Subtypes were also examined based on disease duration. Among those with a disease duration of less than five years, 58.34% were classified as mild-motor predominant, compared to 22.58% for those diagnosed 10 or more years ago. For diffuse-malignant, the opposite trend was observed: 5% with a disease duration of less than five years, and 51.61% for 10 years or more.

These subtypes were also associated with those of the Hoehn and Yahr scale (H&Y), which measures disease progression in stages based on severity of symptoms. Broadly, people classified in an earlier stage of disease by H&Y were more likely to be mild-motor predominant than were those classified as having more advanced disease. The opposite was again observed for diffuse-malignant (later stage by H&Y), with the intermediate subtype lying between the two extremes.
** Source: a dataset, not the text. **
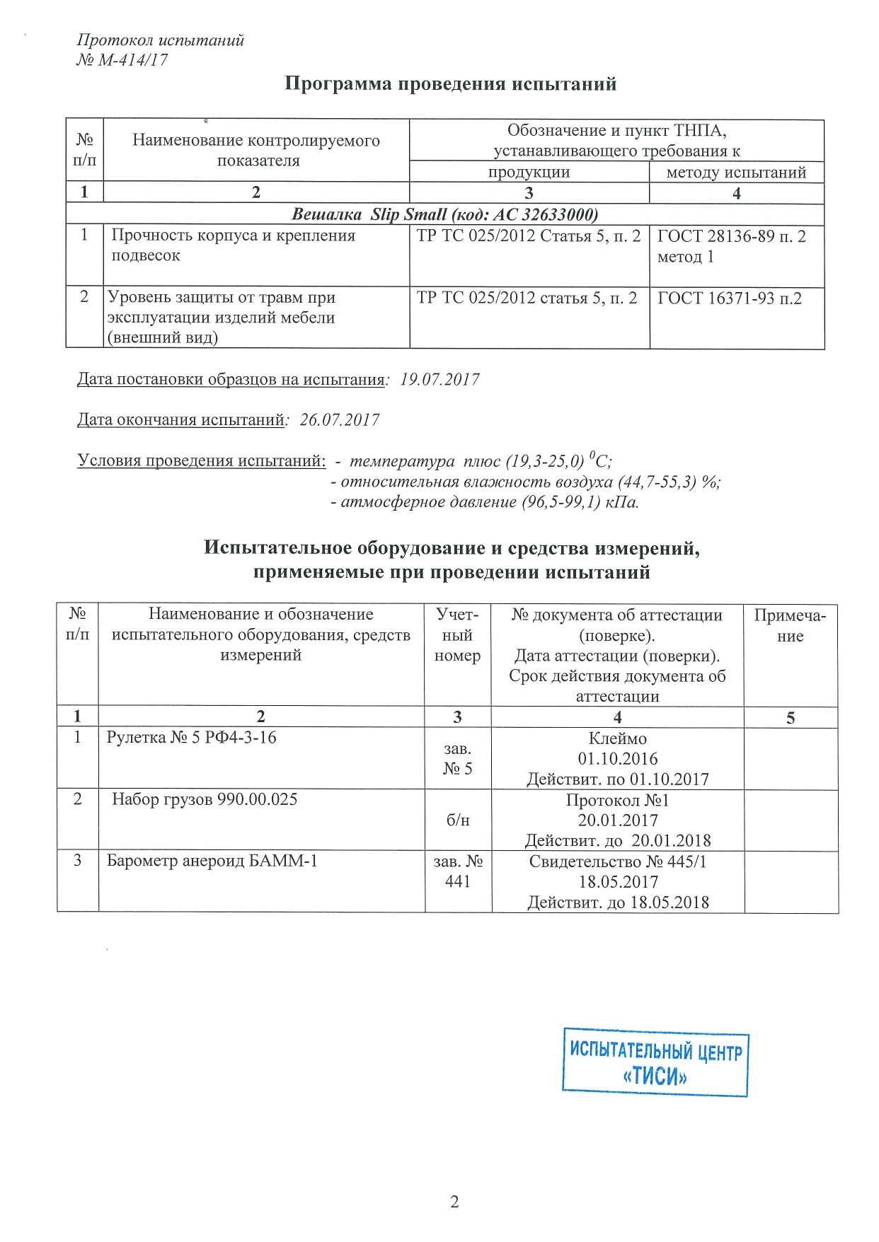 Ïðîòîêîë èñïûòàíèé ¹Ì-414/17

Collectively, these data show that the mild-motor predominant, diffuse-malignant, and intermediate subtypes are closely associated with disease duration and stage. This supports the idea that these divisions may actually represent changes in the disease over time, rather than variations person-to-person.

But, the researchers stressed, these findings don’t mean that the subtyping system is wrong, just that its implications need clarification.

“Our results are not in contrast with previous evidence and do not aim to challenge this subtyping system as such, but would call for a clarification of what the construct of subtype should mean,” the researchers wrote.

“Since a patient with MM phenotype at onset will be likely to convert into the DM phenotype at some point, the implication is made that a particular subtype is not able to predict if certain milestones will be reached or not,” they added. “On the other hand, the current data also shows that a proportion of patients have reached the DM stage with short disease duration, which supports the notion that a difference in the rate of progression exists among PD patients.”

The current study’s findings “argue against the concept that these subtypes reflect mutually exclusive disease pathways,” the researchers continued. “The evidence that these subtypes might be not consistent over time has to be taken into account, specifically when attempting to explore correlations with putative biomarkers of disease progression.”

An important caveat of this study is that it was cross-sectional — that is, data were collected at a single point in time, and findings were extrapolated from those data. Further longitudinal studies, which collect data over a length of time, will be needed to validate these findings.